Methods: This was a propensity score-matched cohort study. Electronic health records from the UK Clinical Practice Research Datalink were used. We selected people prescribed statins and people never prescribed statins. Each statin user was matched to a non-user by age, gender, practice and propensity score for statin prescription. The main outcome measures were knee or hip joint replacement overall, and specifically because of OA or RA. The association between statins and risk of joint replacement was assessed using Cox proportional hazard regression. Statin exposure was categorized according to the potency of reducing low-density lipoprotein as low (21-28%), medium (32-38%) or high (42-55%) intensity.

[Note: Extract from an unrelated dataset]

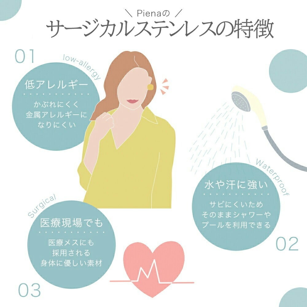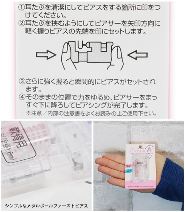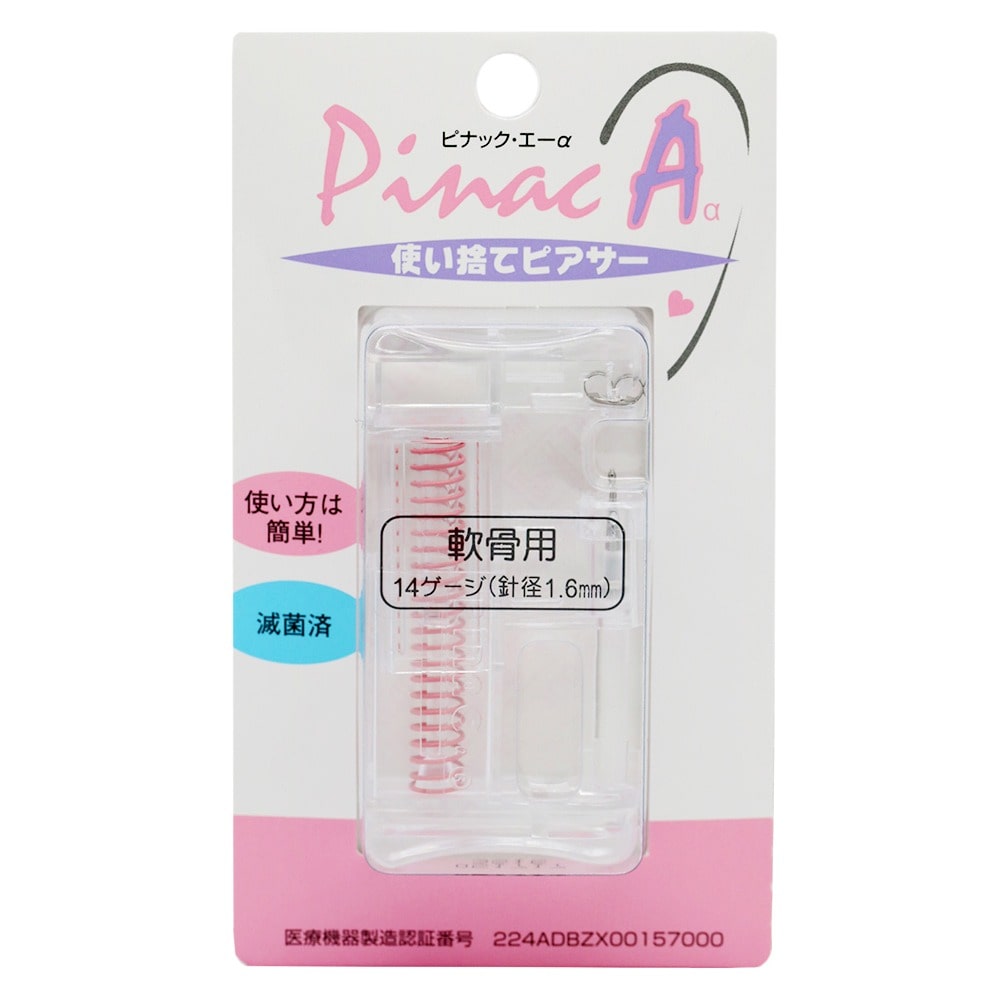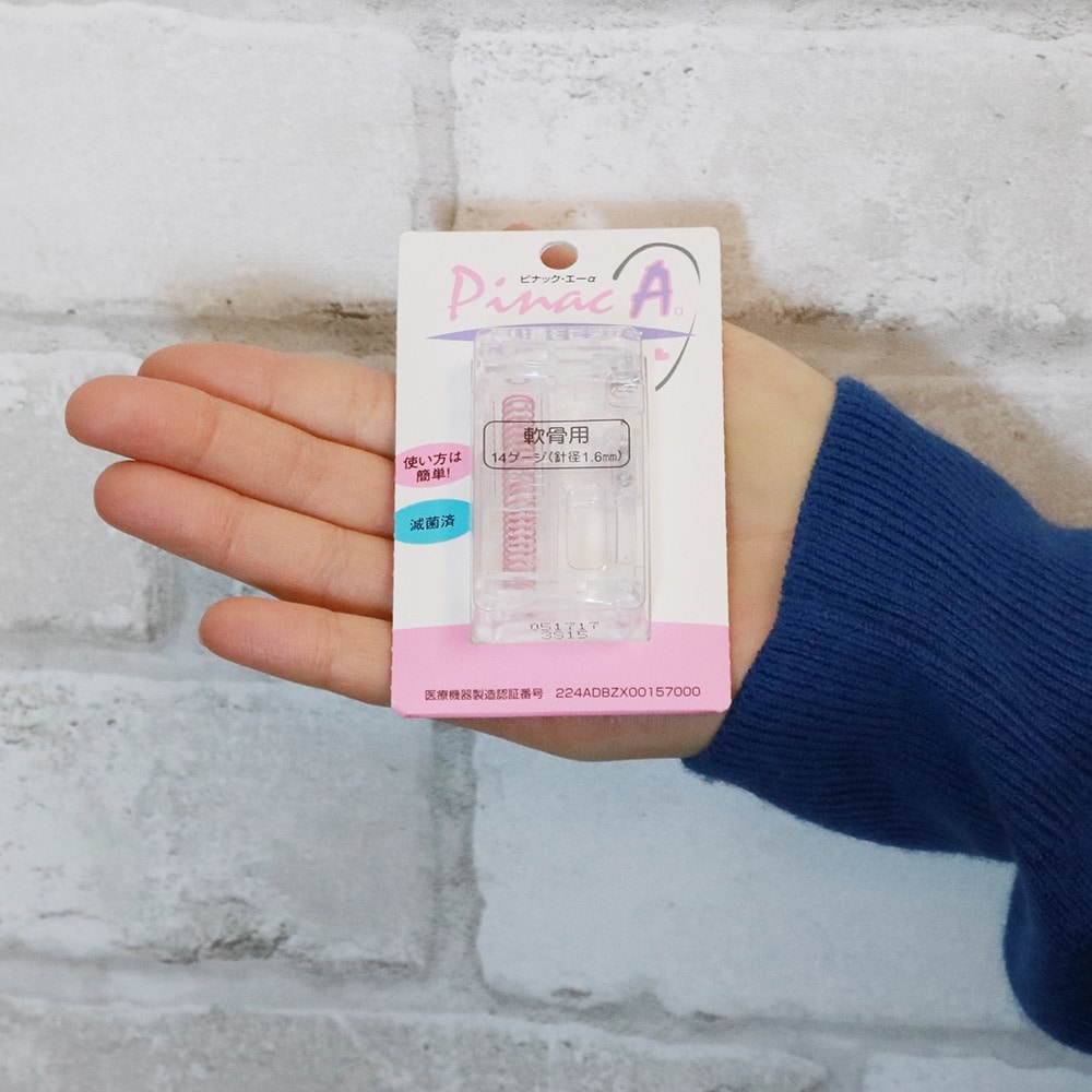 素材 サージカルステンレス316L製 サイズ 軸:長さ約8mm 太さ14G 約1.6mm ボール:直径約3mm バネ発射機構のワンタッチ式軟骨用ピアッサー、ピナックエーです。 使用方法 1 耳たぶを清潔にしてピアスをする箇所に印をつけてください。 2 耳たぶを挟むようにしてピアサーを軽く握りピアスの先端を印にセットします。 3 さらに強く握ると瞬間的にピアスがセットされます。 4 そのままの位置で力をゆるめ、ピアサーをまっすぐ下に降ろしてピアシングが完了します。 EOガスで滅菌されたブリスターパックで無菌状態に包装されているのでとても衛生的です。 使い捨てタイプなので安心してお使い頂けます。 サージカルステンレスは他の金属と比べ傷がつきにくくサビにくいのが特徴。医療用器具にも使用されていますので、金属アレルギーの方にも比較的安心してお使い頂けます。 医療機器製造承認番号 224ADBZX00157000

Results: A total of 178 467 statin users were matched with 178 467 non-users by age, gender, practice and propensity score. Overall, statin was not associated with reduced risk of knee or hip replacement (hazard ratio 0.99, 95% CI: 0.97, 1.03), unless prescribed at high strength (0.86, 0.75-0.98). The reduced risk was only observed for joint replacement due to RA (0.77, 0.63-0.94) but not OA (0.97, 0.94-1.01).

Conclusion: Statins at high intensity may reduce the risk of hip or knee replacement. This effect may be RA specific. Further studies to investigate mechanisms of risk reduction and the impact in people with RA are warranted.